Officials want money allotted for academic improvement


By Jeff Sklar
Arizona Daily Wildcat
Friday, January 16, 2004

Administrators are hoping state lawmakers will reconsider their criteria for funding a revenue stream that often pours millions of dollars into university coffers but may dry up before the decade ends.

Rather than give the university money based on annual enrollment growth, as the Legislature has done nearly every year since the late 1950s, UA officials want lawmakers to allocate money based on academic performance.

A proposal under consideration would offer funding based on improvements in graduation rates, especially in programs most beneficial to Arizona, as well as enrollment in upper-division classes and high-cost programs.

The Arizona Board of Regents will weigh in on this possibility at its meeting next week, where university officials will offer alternatives to the current formula.

UA lobbyist Greg Fahey said the proposal that regents will discuss would fit with President Peter Likins' Focused Excellence plan, which emphasizes high-quality education and research, rather than continued growth.

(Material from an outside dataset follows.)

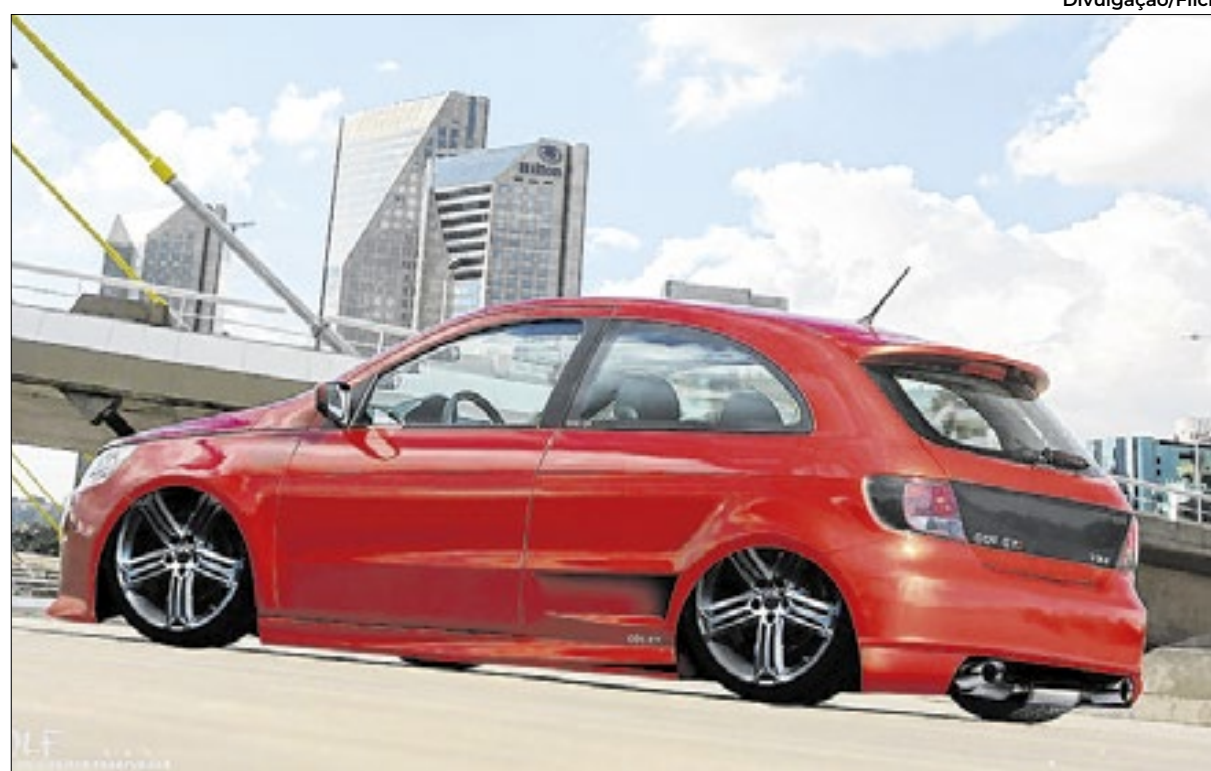
Gol GTI é um dos preferidos dos apreciadores de carros que gostam de personalizá-los

Custo de manutenção precisa entrar na conta na hora de colecionadores adquirirem veículos

"What we want to recognize is that we're going a bit of a different direction and we'll be emphasizing high quality education linked to the research mission of the university," he said.

Though the Legislature didn't offer enrollment growth funding last year because of the state budget crisis, it's a source that often brings in millions of dollars used for academic purposes like offering more classes.

In the past eight to 10 years, the university has generally received between 70 percent and 80 percent of its request for this money, said Budget Director Dick Roberts.

This year, the university calculated it would need $4.5 million to meet the need outlined by the formula, he said.

If the Legislature funds 70 percent of the request, the UA would receive a little more than $3 million this year.

But with an enrollment of about 37,000 students, the UA is slowly reaching what President Peter Likins has said he considers its maximum capacity - about 40,000 students.

When it does, perhaps within five or six years, the funding flow would cease.

So administrators are hoping regents and legislators will buy into the notion that the university should be rewarded for students' academic performance, rather than just their numbers.

Now, only about 55 percent of UA students graduate within six years, a number administrators say is too low.

They'd like to be rewarded for improving graduation rates, especially in areas like nursing, teaching, pharmacy and engineering, fields that are especially important in Arizona's economy.

They'd also like to see additional funding based on the number of upper-division and graduate classes, as well as high-cost programs like those in the sciences and health professions.

Those programs cost more because classes must be smaller, Roberts said.

Faculty in nursing, for example, will "look you right in the eye and say ... 'You can't put 22 students around a bed.'"

Universities and regents won't ask the Legislature to adopt these new methods this year, Fahey said.

"We're not trying to do it for this session," said Fahey, who believes that if regents and universities work to develop alternatives, the issue should be "ripe for next year."

Under the current formula, the UA receives funding to pay salaries for one faculty member, one-half of a support staff member, and one-fourth of a secretary for every 22 students enrolled beyond a weighted average of the previous three years' enrollments.

Over the past few years, as the state grappled with income shortages, the funding for enrollment growth was often among the first items in the UA budget that lawmakers considered cutting to balance the state budget.

Regents will offer their preliminary ideas about the proposal when the board meets Thursday and Jan. 23 at ASU.